Dudley Sutcliffe McLachlan (8 September 1908 – 31 January 1987) was an international motorcycle speedway rider from Australia. He earned two international caps for the Australia national speedway team.

== Biography==
McLachlan, born in Sydney, was the top scorer in Australia's 1939 spring league and was recruited by Sheffield Tigers manager Bluey Wilkinson. He began his British leagues career riding for Sheffield during the 1939 Speedway National League Division Two season.
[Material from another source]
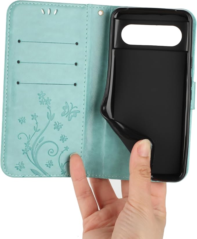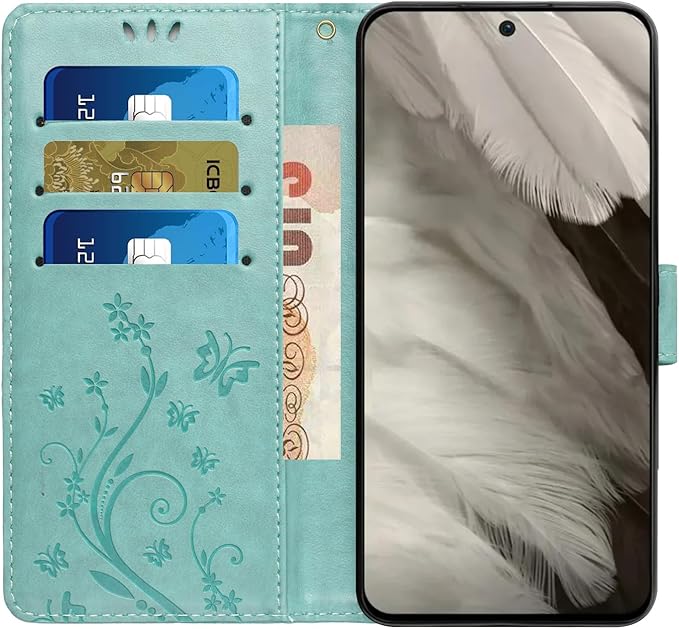 Pixel 8A 手帳ケース キラキラ きれい 純色 バタフライ胡蝶の印 TPU 花柄 カード入れPixel 8A 財布カバー マグネット式 スタンド機能 横開きスタンド 保護 グーグルピクセル8A ケース手帳型 ストラップ付き 装着やすい タッチペンプレゼント (グリーン) | KAZESHOP

After an enforced break due to World War II, where he remained in Britain, McLachlan rode for Middlesbrough Bears and Newcastle Diamonds during 1946. The following season he averaged 8.54 for Newcastle.

The 1948 season saw McLachlan switch to Birmingham Brummies, where he spent his final three seasons in Britain, winning the 1948 National Trophy. In-between he reached the Championship round of the 1949 Individual Speedway World Championship.

McLachlan returned to Australia and became the promoter at Parramatta speedway.